In order to effectively heal the embarrassment around being a man, we must learn to be apart of a pack, a gang, a Tribe. It is the most natural form of healing that could possibly occur. You don't need to sit around and "explore your woundedness" to do so. Even for men to get together as men is a kind of summoning up of the deepest wounds we each experience. It brings to light our vulnerability and our hiddenness.

The greatest instruction that I could give a man on this journey is simply this: Risk. Attempt. Try on. Allow yourself the opportunity to be seen, or to get it wrong. Look like a jack ass. Deconstruct. Build. Be with other men on the same journey. 

 

 

 

 

 

The Fucking You Get...

A friend and Catholic priest said it like this:

"The fucking you get isn't worth the fucking you get." 

God. What a predicament. 

We are almost always making these invisible tradeoffs, aren't we? 

The Hebrew Scripture opens up, straight out of the gate, with this proposition. It pictures the first humans as being presented with a temptation in which something specifically forbidden looks "pleasing to the eyes and desirable for food."  Turns out, it looked good--but it lands them in a world of suffering. I relate. 

Or another story from the wisdom teacher, Jesus of Nazareth. He tells about a little mustard seed that gets planted, and is nourished until it becomes a huge tree. It grows so large that the birds come in make a nest in it. While that story may not exactly be obvious, a couple of details crack it open: mustard seeds make small shrubs NOT trees, and in the same grouping of stories Jesus had been telling, the birds are always seen as looming specters of evil.  This story is about something growing out of control and it has an effect--a harmful one. Again, I get it. 

Consequences are rarely something humans consider when it comes to making choices. The reality is we are so embedded in short term propositions that its difficult to consider the long term outcomes. 

Recently I was listening to one of the emerging men's-movement-guru's. His bro doctrine was in full swing: "Don't you want to build a bigger business, be a better husband--a greater version of YOU??"
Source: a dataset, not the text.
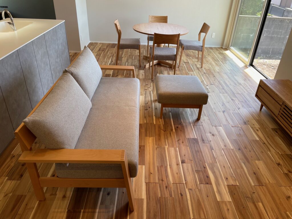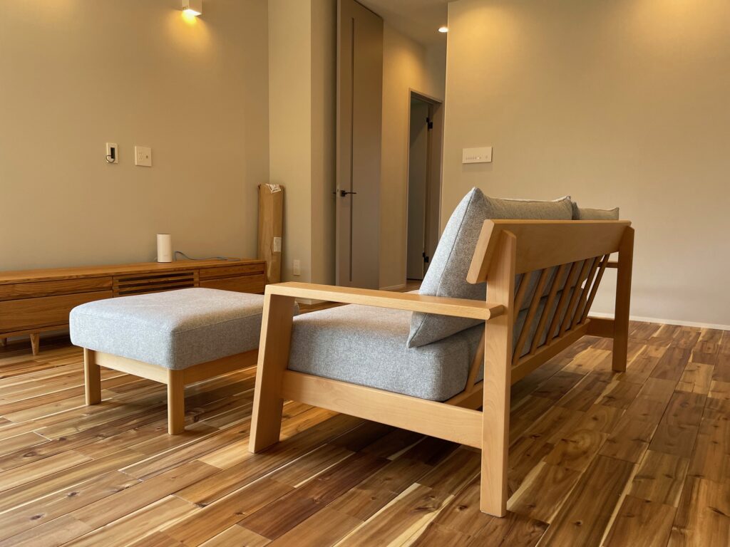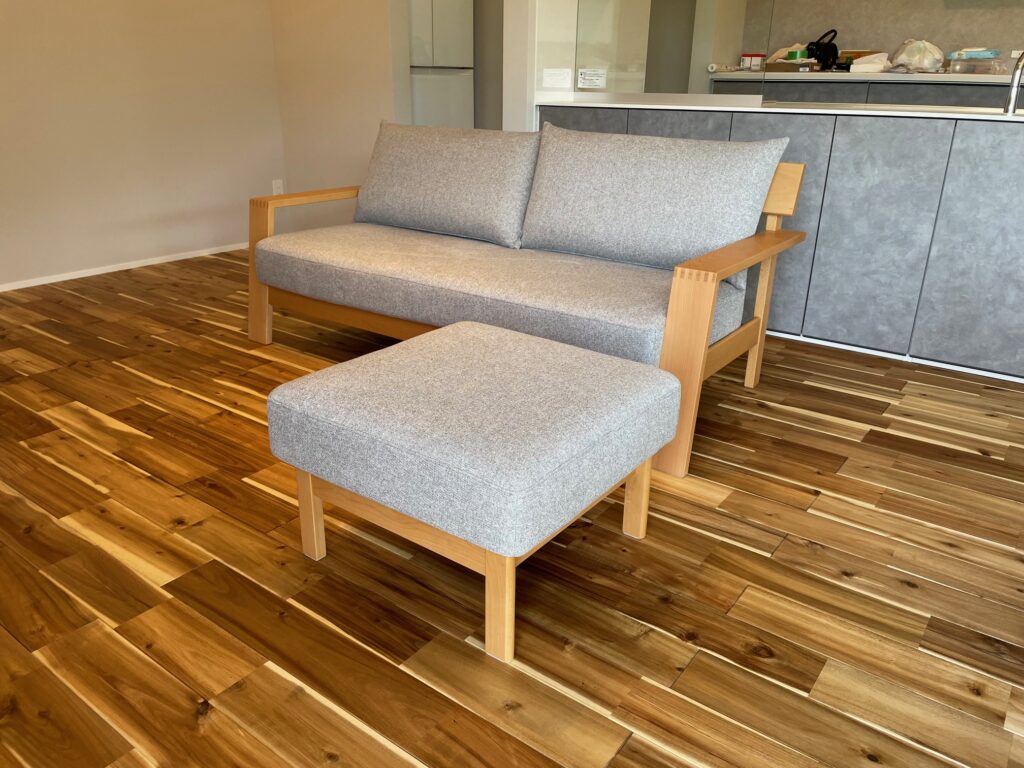まずソファは、飛騨産業のアームデザインとバックショットがおしゃれな、2.5人掛けソファ&スツールをセレクトされました。
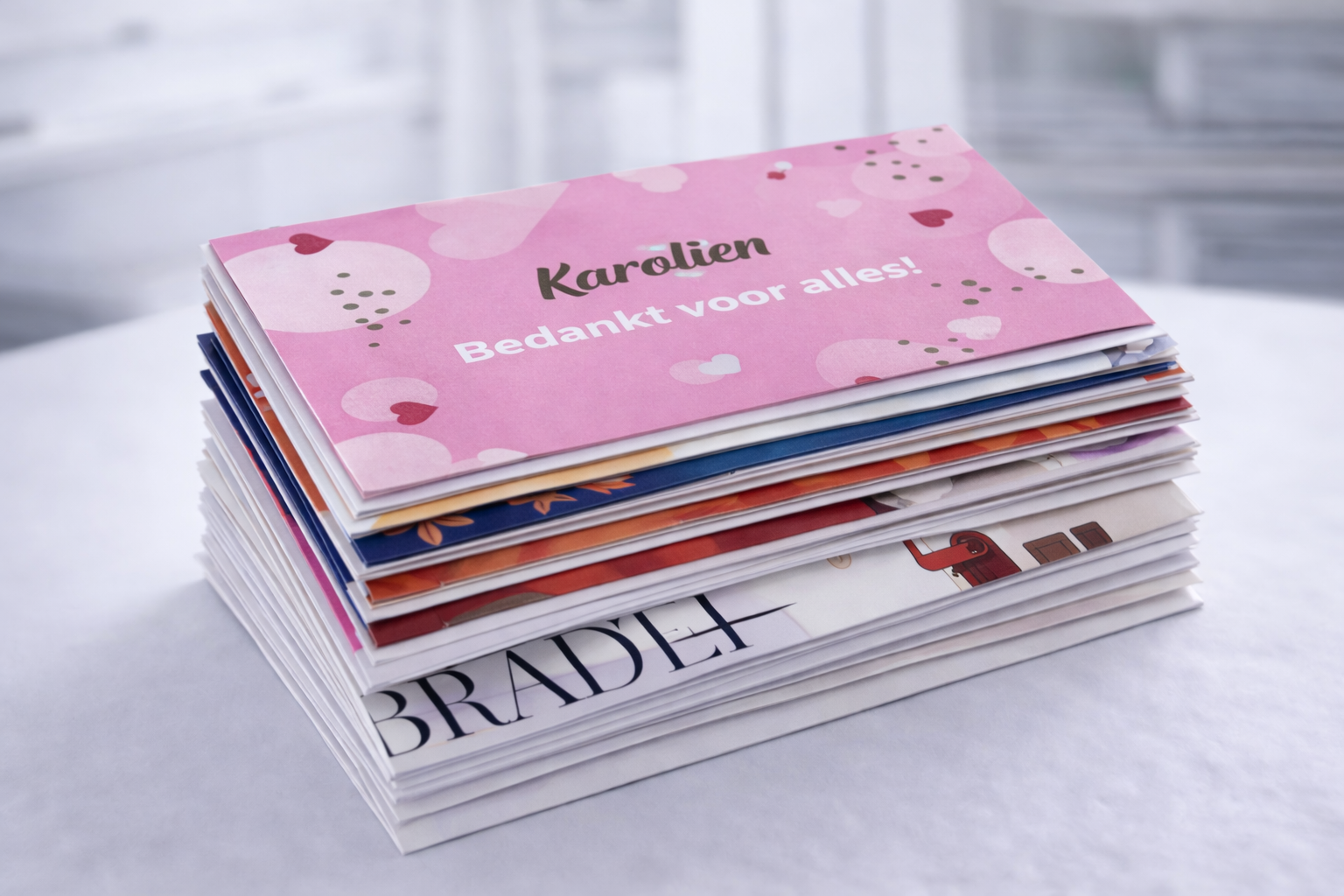 A5, A6 of Amerikaans formaat: de klassiekers die altijd werken. Liever iets unieks? Dat kan zeker, we denken graag met je mee binnen de postrichtlijnen.

I felt my heart swell along with every other red-blooded blue balled listener. Fuck, YES!! Give me the meat!!  Let's DO THIS!

Then it clicked for me. This isn't really NEW, per say. It's in many ways part of the same dominant cultural mythology that is marbled through the rest of modern society. It rests on a profound assumption--Dr Seuss called it: "BIGGERING" But I'll call it "progress."  And believe me, its as tempting as the god-damned-original-forbidden-fruit. 

Myths and Meaning

A myth isn't an untruth. In fact its a powerful narrative that helps frame and guide people's understanding of their lives. In ancient or classical times those myths often involved personal explanations of the universe. If someone jumped up and then came back down they might say that it was some invisible SOMEONE pulling them back towards the earth. Today our dominant motif, and the way we view the world is through an impersonal lens and our myths tend to be centered around "science."  We would then attribute the forces pulling us downward as GRAVITY. Whatever the actual facts of the causation the way that we connect the dots of our experience lies squarely in the realm of "story" or "myth."  We are always telling these sorts of stories in order to make sense of our world. 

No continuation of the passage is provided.